"La libertad se aprende ejerciéndola", Clara Campoamor.
El otro día leía esta maravillosa frase en un muro virtual sin darme mucha cuenta del tesoro que ofrecía. Afortunadamente, se me debió quedar pegada en algún pliegue del cerebro, y la recordé mientras asistía a una conferencia en la que volvió a aparecer la libertad. Las palabras aparecen siempre tan oportunamente.
"La libertad se aprende ejerciéndola"… Pensé que también se podría ver de otro modo: nacemos libres, y a medida que vamos ejerciendo la libertad vamos aprendiendo a dejar de ser libres.
El proceso sería más o menos así: nazco libre, aprendo progresivamente a no serlo metiéndome en cárceles de palabras (tú no puedes, tú no vales, tú no tienes poder, tú no decides, eso no está bien, tienes la culpa, si dices eso no te querrán, lo que diga la mayoría, las niñas buenas no se enfadan, los niños valientes no lloran…) y por último, tras una costosa toma de conciencia y desaprendizaje de lo aprendido, que puede llevar años (a veces de terapia) reinicio tímidamente el ejercicio de la libertad, diluyendo poco a poco (o a veces haciendo saltar por los aires) los barrotes de lenguaje que he ido interiorizando.
Lo que nos da o quita libertad no está ahí afuera: lo que nos da o quita libertad está tan dentro de nosotros que a veces ni siquiera somos capaces de verlo, de tan pegado que lo tenemos.

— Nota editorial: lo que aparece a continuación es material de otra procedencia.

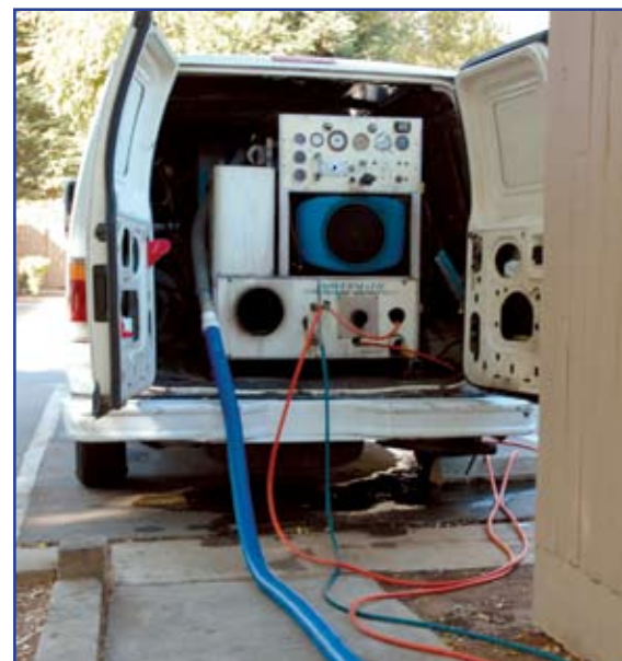
A professional vacuum system collecting wash water.

All carpet cleaners who conduct cleaning operations, which generate wash water must perform cleaning operations based on established best management practices (BMPs). With permission from the sanitary district and the property owner, wash water from
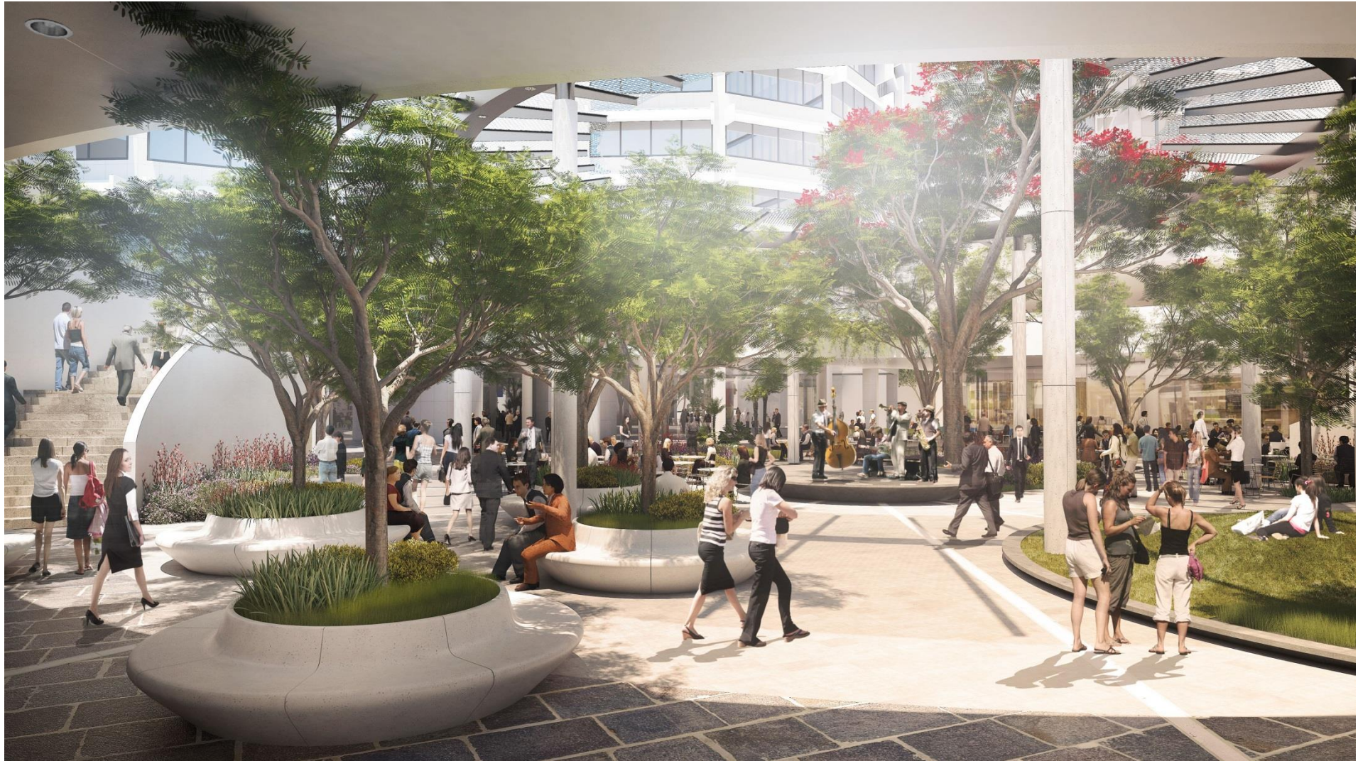
2015/5453 – 250 (LOT 164) ST GEORGES TERRACE, PERTH – PUBLIC PLAZA
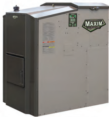
TERRA BROWN / TAUPE (textured finish)
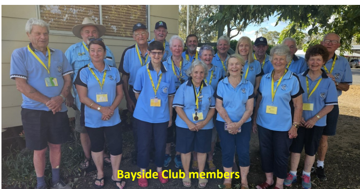
Bayside Club members
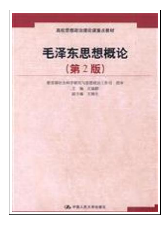
Filesize: 3.57 MB
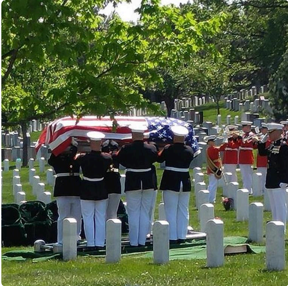
USMC Salute for Dad
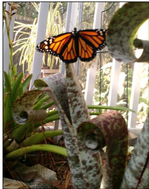
Ques. 'Tim Plowman' with a monarch butterfly newly emerged from its chrysalis attached to the plant.
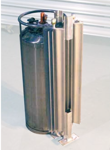
Model D8A-3M connected to liquid cylinder.

Chart's Dura-cyl and Cryo-cyl liquid cylinders come equipped with an internal vaporizer to provide gas for various applications. But when increased flow rate is needed, use the D8A-3M to economically boost gas withdrawal rates.
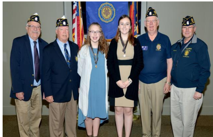
Legion Oratorical Contest
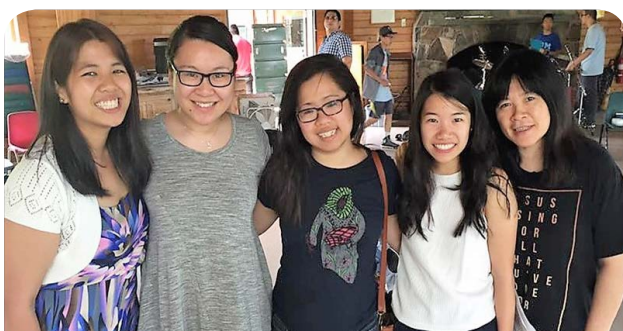
Teen ECBC (Eastern Chinese Bible Conference)
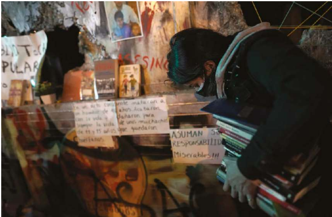
Handwritten protest notes alluding to police abuse during the third day of unrest sparked by the killing of Javier Ordoñez by the police of Bogota on 11 September 2020 in Bogotá, Colombia.

On 9 September 2020, Javier Ordoñez was stopped by police near his home Bogotá, Colombia, for allegedly violating the selective isolation rules established in the context of the COVID-19 pandemic. The officers pinned him to the ground and administered repeated electric shocks to his body for approximately five minutes using a USA-manufactured Axon Taser X2. Javier Ordoñez, who was heavily restrained and posing no threat to the officers, repeatedly pleaded with them to stop, as did witnesses who were filming the incident a few metres away. He died in the hospital hours later as a result of the blunt trauma injuries from baton strikes.
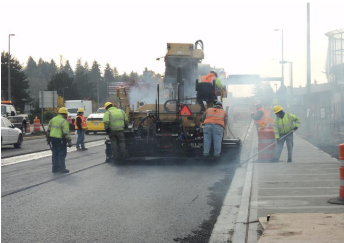
Paving new lane on International Blvd
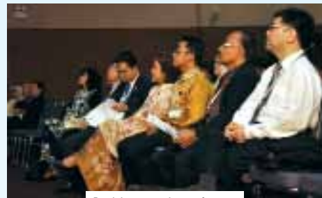
Participants at the conference

The National Institutes of Health, Ministry of Health Malaysia took the opportunity to publicise and display information on the research and services which they carry out.
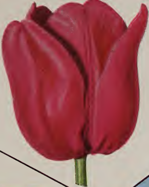
PRIDE OF HAARLEM

RECEIVED ★ NOV 1937 ★ U. S. Department of Agriculture
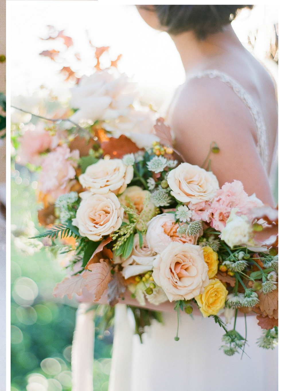
The Wildflower AZ | Blackstone Country Club
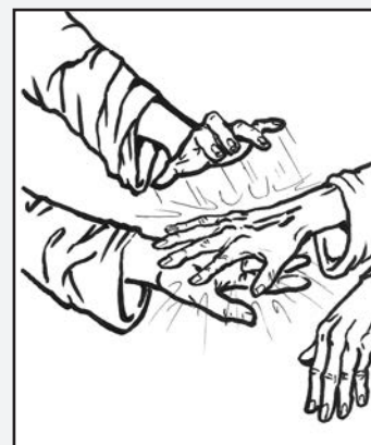
Jesus shows us the best picture of God.

Jesus showed us the Father. God asks us to “follow his example” and show who He is to people too (Ephesians 5:1, Nlrv). What does it mean to follow God’s example? What can we learn from Jesus about how to do this?

Y lo mismo ocurre con el poder.
El poder se aprende ejerciéndolo.
Ese supuesto poder abstracto de afuera que me quita libertad en realidad es una cárcel de palabras construida sobre el miedo. Y si miro un poco más acá, aquí mismo, a mí mismo, puedo darme cuenta de que en cada acto cotidiano yo estoy ejerciendo poder sobre mí, sobre otros, sobre el mundo.

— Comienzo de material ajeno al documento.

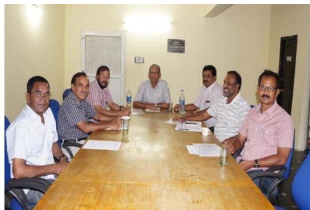
the Board of the Vizag chapter

Let us also tell something about us. Association Saikorian (AS) are the alumni of the Sainik school, Vizianagaram and we are active in social work since 2003, when the first home of AS the Krushi Home for former street boys at Medchal (Hyderabad) was constructed, in collaboration with Friends Indeed. The Hyderabad chapter is doing a great job there, everyday active in seeing to it the boys feel at home, go to school and find a job!
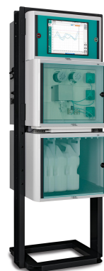
Figure 3. 2060 VA Process Analyzer from Metrohm Process Analytics.

Employing voltammetric determination, the 2060 VA Process Analyzer (Figure 3) operates fully automatically. It also features an alarm system that notifies plant personnel when any of the monitored heavy metals approach the limit values. This timely alert enables the introduction of ion exchanger regeneration or other strategies for mitigation, effectively preventing limit value breaches.
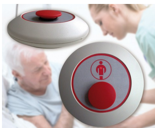
Radio paging mushroom-type button
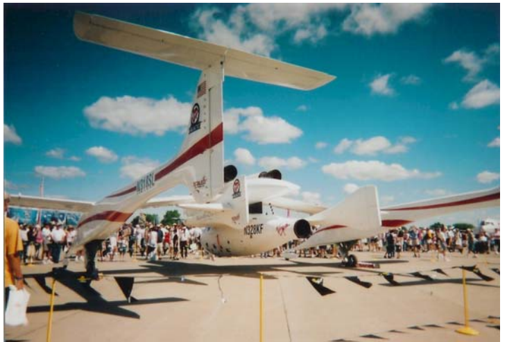
White Knight and Space Ship One.
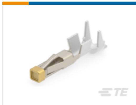
TE Part # 1-2834067-3 SOCKET CONTACT, MINIATURE WATERPROOF CONN
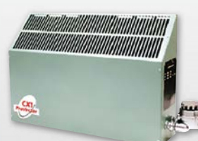
CX1 Series Explosion-Proof Heater 120/208/240/277/380/400/415/480/600V 1,200-7,600W
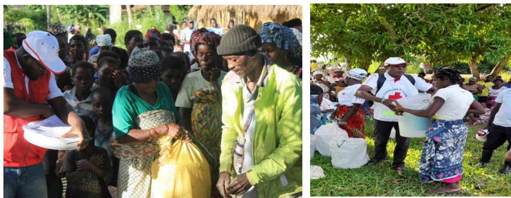
Picture 10 and 11: Distribution of NFIs in Maganja Da Costa district, during March re-activation

The re-activation reached 1,477 families in three communities (Nate sede, Mugoloma e Mamiua) in the district of Maganja da Costa, administrative post of Nante (Zambézi province). For this activation, CVM mobilized 115 volunteers, 4 technicians from CVM HQ (EAP Droughts Manager, PMER, WASH Technician and Information Officer) and Provincial Delegation (Provincial Secretary, Provincial Administrator, Provincial Healthy Technician, Disaster Risk Reduction Technician, Provincial President, and General President of CVM) and other partners including INGD, UNAPROC, IFRC.
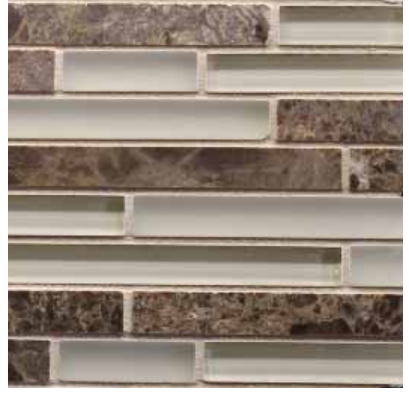
GLA CNNO LIN
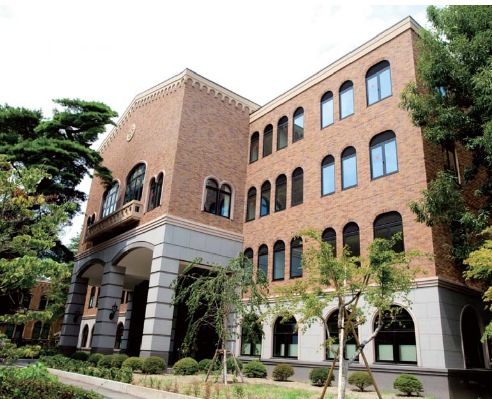
Faculty Building 3: Overview

Our core aim, therefore, was to create a well-equipped and congenial space for long- and short-term visitors from overseas to perform their research. Our other aim was to provide support so that young researchers could perform their work in an excellent environment.
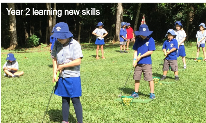
Year 2 learning new skills
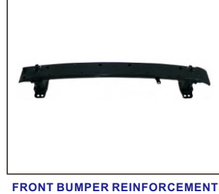
FRONT BUMPER REINFORCEMEN 911.TY44106A OE:
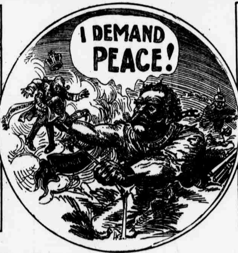
Steele, in the Denver Post. THE ONLY WAY HE WILL GET IT
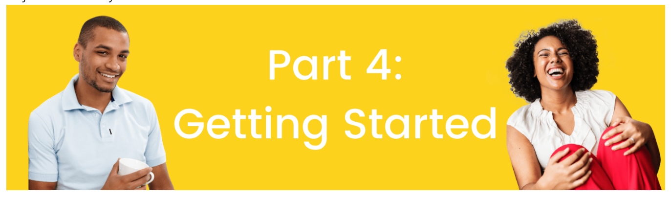
Step 1: Choose Your Package

For 45 days post-implementation, I will be on stand-by to answer questions, tweak processes, and adjust current systems to best fit live-action business activities.
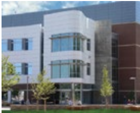
Diagnostic Medicine Center

We're looking forward to our continued commitment to the CM program, the CSU campus, and future graduates.
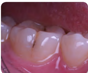
Buccal pit. Decision to utilize Minimally Invasive techniques.
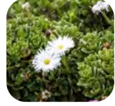
Scrubwood Commidendrum rugosum
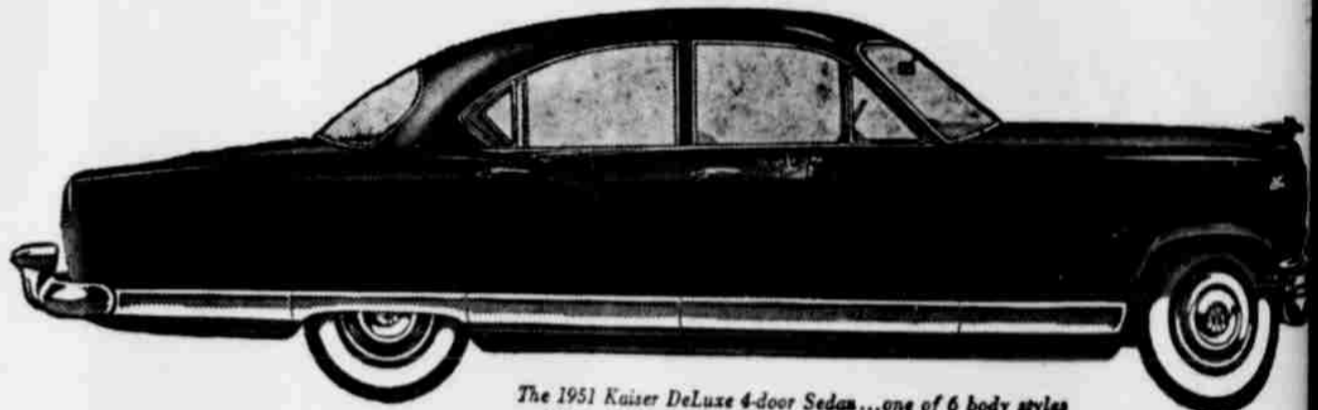
The 1951 Kaiser DeLuxe 4-door Sedan...one of 6 body styles and 12 models. Hydra-Matic Drive available in all models at extra cost.

★ Anatomic Design... (Ana-TOM-ic)... is the newest, most advanced step in motor car making. It is the principle of engineering the anatomy of the car, every feature of the body and chassis, to suit the needs of human anatomy in a way never before achieved. It results in a car that is easier to control, more comfortable, safer for you and your family to ride in.

Lo que digo es muy poderoso. Lo que me digo, lo que te digo. Cada acto lingüístico es un ejercicio de poder, y desde mis palabras puedo ejercerlo con conciencia de que lo que digo repercute en el otro y construye realidad (no solo describe, sino que sobre todo inscribe, crea, genera realidad).
Soy dueña de mis palabras y de mis silencios, soy libre de comprometerme y de cumplir mis promesas, soy dueña de los juicios que emito sobre los otros y sobre mí misma, y de asumir las consecuencias de cada una de mis opiniones. Soy autora de mis frases y con cada una genero un espacio que me vincula con la “realidad” de un modo distinto en función de las palabras que escoja.
No es lo mismo si digo “todo está fatal y no hay salida” que si digo “¿qué puedo hacer yo hoy para aportar un poco de sentido a esto?”. No es lo mismo. No haré lo mismo, ni sentiré lo mismo, ni haré sentir lo mismo a los que están a mi lado. Creo que de esta manera se aprende el poder, ejerciéndolo bien.
En la medida en que somos conscientes de nuestro propio poder, emerge de su mano la libertad.
Está claro que para ejercer el poder hay que estar preparado porque ser responsable de cada palabra requiere asumir con fortaleza lo que ocurra después (no gustar a todo el mundo, cometer errores, perder, no acertar siempre, que alguien se enfade y se aleje…), y también sentir el goce de sabernos dueños de nuestros huesos, llenando el propio esqueleto.
El miedo y la culpa son dos mecanismos potentes para neutralizar el poder de “adentro” y la libertad. Miedo a no ser aceptado, a no ser amado, a no ser perfecto, a no ser fuerte, a no ser suficiente. Si lo pensamos bien, ¿para qué seguir alimentando todo ese miedo? Al fin y al cabo… Ser amado por todos, ser aceptado por todos, ser perfecto, ¿es acaso posible?
¿Merece la pena dejar de ejercer la libertad y el propio poder por miedo a no lograr algo por definición inalcanzable?
La libertad se aprende ejerciéndola, y el poder también.